**EXERCISE INPUTS:**
== Segment start ==

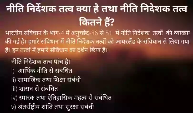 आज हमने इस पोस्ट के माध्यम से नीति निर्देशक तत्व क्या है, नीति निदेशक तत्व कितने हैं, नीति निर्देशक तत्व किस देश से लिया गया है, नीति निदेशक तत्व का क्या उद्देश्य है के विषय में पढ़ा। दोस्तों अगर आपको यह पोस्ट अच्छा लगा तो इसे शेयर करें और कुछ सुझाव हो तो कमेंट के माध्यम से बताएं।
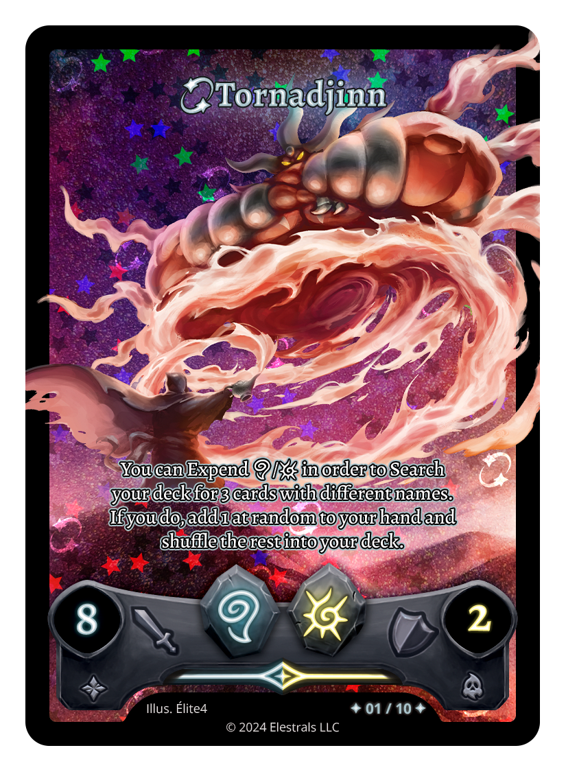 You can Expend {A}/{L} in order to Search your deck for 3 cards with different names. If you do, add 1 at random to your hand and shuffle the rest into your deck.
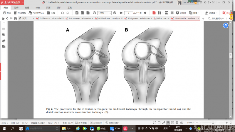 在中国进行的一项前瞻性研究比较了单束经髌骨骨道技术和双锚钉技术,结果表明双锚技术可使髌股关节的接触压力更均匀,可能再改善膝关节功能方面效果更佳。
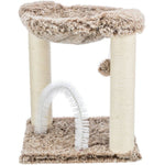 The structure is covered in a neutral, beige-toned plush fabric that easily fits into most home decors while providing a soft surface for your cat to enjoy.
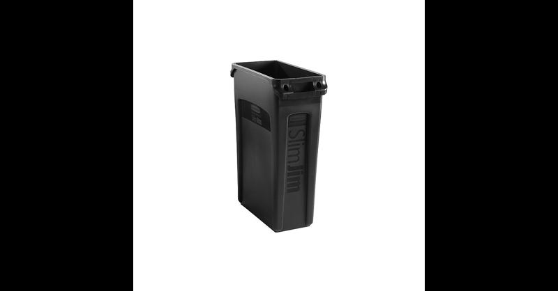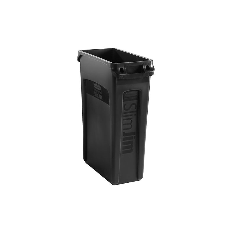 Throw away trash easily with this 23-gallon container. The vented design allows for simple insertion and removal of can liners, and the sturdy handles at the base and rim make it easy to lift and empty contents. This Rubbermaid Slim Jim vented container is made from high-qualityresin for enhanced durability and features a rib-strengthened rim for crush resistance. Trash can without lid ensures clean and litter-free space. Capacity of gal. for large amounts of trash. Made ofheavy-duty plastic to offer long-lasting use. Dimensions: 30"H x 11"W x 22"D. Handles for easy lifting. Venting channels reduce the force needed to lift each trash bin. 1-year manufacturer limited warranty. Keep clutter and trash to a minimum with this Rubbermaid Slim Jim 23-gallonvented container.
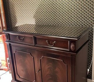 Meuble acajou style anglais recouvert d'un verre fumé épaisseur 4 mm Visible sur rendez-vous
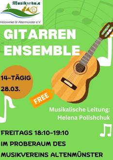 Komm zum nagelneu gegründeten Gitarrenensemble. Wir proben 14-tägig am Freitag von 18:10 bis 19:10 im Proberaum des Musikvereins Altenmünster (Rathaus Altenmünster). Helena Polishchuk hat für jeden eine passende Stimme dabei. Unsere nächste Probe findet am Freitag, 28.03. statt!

== Segment end ==

Give an exact copy of the data, and omit any pictures it holds.

**ANSWER SECTION:**
 आज हमने इस पोस्ट के माध्यम से नीति निर्देशक तत्व क्या है, नीति निदेशक तत्व कितने हैं, नीति निर्देशक तत्व किस देश से लिया गया है, नीति निदेशक तत्व का क्या उद्देश्य है के विषय में पढ़ा। दोस्तों अगर आपको यह पोस्ट अच्छा लगा तो इसे शेयर करें और कुछ सुझाव हो तो कमेंट के माध्यम से बताएं।
 You can Expend {A}/{L} in order to Search your deck for 3 cards with different names. If you do, add 1 at random to your hand and shuffle the rest into your deck.
 在中国进行的一项前瞻性研究比较了单束经髌骨骨道技术和双锚钉技术,结果表明双锚技术可使髌股关节的接触压力更均匀,可能再改善膝关节功能方面效果更佳。
 The structure is covered in a neutral, beige-toned plush fabric that easily fits into most home decors while providing a soft surface for your cat to enjoy.
 Throw away trash easily with this 23-gallon container. The vented design allows for simple insertion and removal of can liners, and the sturdy handles at the base and rim make it easy to lift and empty contents. This Rubbermaid Slim Jim vented container is made from high-qualityresin for enhanced durability and features a rib-strengthened rim for crush resistance. Trash can without lid ensures clean and litter-free space. Capacity of gal. for large amounts of trash. Made ofheavy-duty plastic to offer long-lasting use. Dimensions: 30"H x 11"W x 22"D. Handles for easy lifting. Venting channels reduce the force needed to lift each trash bin. 1-year manufacturer limited warranty. Keep clutter and trash to a minimum with this Rubbermaid Slim Jim 23-gallonvented container.
 Meuble acajou style anglais recouvert d'un verre fumé épaisseur 4 mm Visible sur rendez-vous
 Komm zum nagelneu gegründeten Gitarrenensemble. Wir proben 14-tägig am Freitag von 18:10 bis 19:10 im Proberaum des Musikvereins Altenmünster (Rathaus Altenmünster). Helena Polishchuk hat für jeden eine passende Stimme dabei. Unsere nächste Probe findet am Freitag, 28.03. statt!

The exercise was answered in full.